The emission spectrum of hydrogen atoms has two lines from the Balmer series with wavelengths 4102 Å and 4861 Å. The wave number of another emission line is equal to the difference between the wave numbers of these two lines.
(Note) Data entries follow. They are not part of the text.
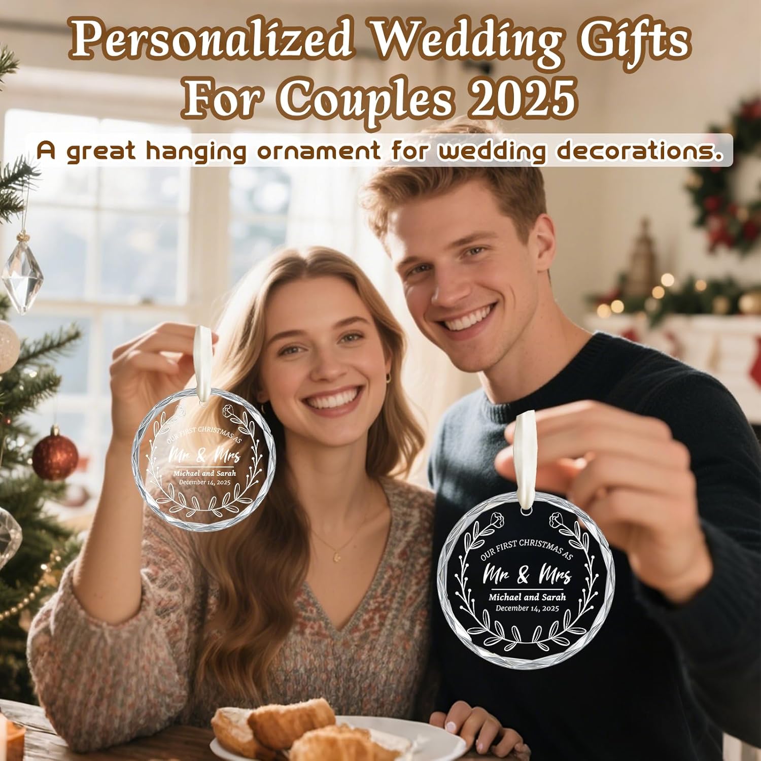 First Christmas Married Ornament 2025, Custom Wedding Crystal Glass Ornament with Photo, Name or Date, Personalized Wedding or Bridal Shower Gifts for Newlyweds
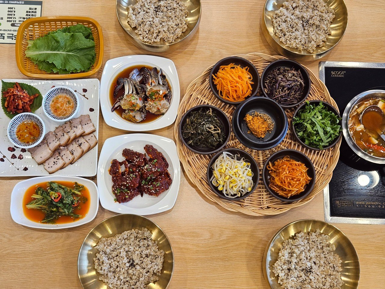 한식 맛집으로, 신선한 간장게장과 양념게장, 쫀득한 감자전이 인기 메뉴입니다. 보리밥과 함께 나오는 된장찌개, 삼겹살 수육도 훌륭하며, 무제한 막걸리와 정갈한 나물 반찬이 제공됩니다. |
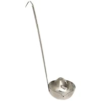 I know it's weird to review a ladle, but this is the best ever. I bought one that was hard plastic, but the coating was coming off in my stock, ew. I bought another one that had a metal scoop and plastic handle, that came apart. This is the best because it is solidly made, all metal, and the handle is long enough to hook on a large pot I have a 3 gallon that is tall and a 5 gallon that is even bigger. This ladle doesn't sink into your soup/sauce/stock, etc. If this ever gives out, I will definitely buy another one, but I think it will be a very long time before I need one.
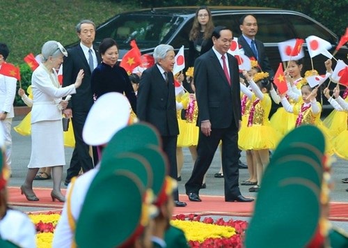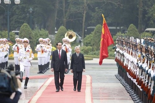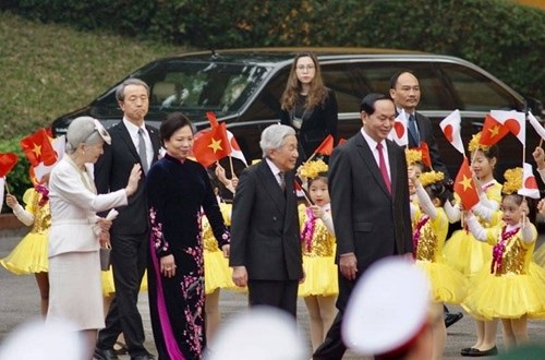 Lễ đón Nhà Vua Nhật Bản Akihito và Hoàng Hậu Michiko diễn ra tại Phủ chủ tịch, do Chủ tịch nước Trần Đại Quang chủ trì. Nhà Vua và Hoàng Hậu đang có chuyến thăm Việt Nam lần đầu tiên, từ ngày 28/2 tới ngày 5/3.
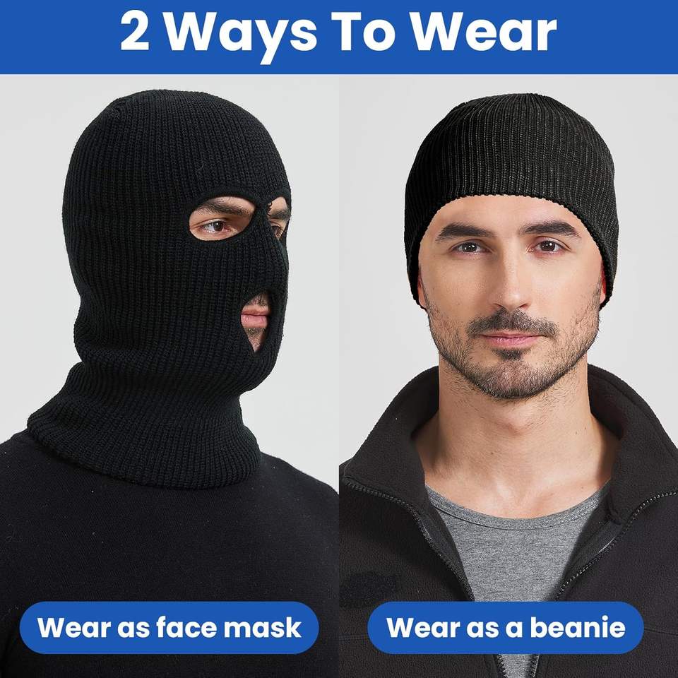 TopTie Double Tricoté Coupe-Vent Polyester Cagoule Masque Respirant pour Hommes et Femmes Conception à 3 Trous

Find the $\lambda$ of  line and series to which it belongs

Wave number = $\frac{1}{\lambda }={\mathrm{RZ}}^2\left(\frac{1}{{\mathrm{n}}_1^2}-\frac{1}{{\mathrm{n}}_2^2}\right)$

where R = Rydberg constant = $1.097\times {10}^7/\mathrm{m}$

Here , $Z=1$, 

Hence   ${\mathrm{RZ}}^2=1.097\times {10}^7/\mathrm{m}$

$\Rightarrow \frac{{10}^{10}}{4102}=1.097\times {10}^7\left[\frac{1}{2^2}-\frac{1}{{\mathrm{n}}_2^2}\right]$

$\text{ (or) }\frac{1}{4}-\frac{1}{{\mathrm{n}}_2^2}=\frac{1000}{4102\times 1.097}=0.2222\text{ (or) }{\mathrm{n}}_2=6$

Similarly   $\frac{{10}^{10}}{4861}=1.097\times {10}^7\left[\frac{1}{2^2}-\frac{1}{{\mathrm{n}}_2^2}\right]\text{ (or) }{\mathrm{n}}_2=4$

Now the wave number of third line = difference in wave number of above two lines 

$\frac{1}{\lambda }={\mathrm{RZ}}^2\left(\frac{1}{4^2}-\frac{1}{6^2}\right)1.097\times {10}^7\times \frac{20}{576}/\mathrm{m}$  

$\lambda =\frac{576}{20}\times \frac{1}{1.097\times {10}^7}=\frac{57600}{2\times 1.097}\mathrm{A}=26253\text{Å}$

Since n₁ is 4 here, the series will be Brackett.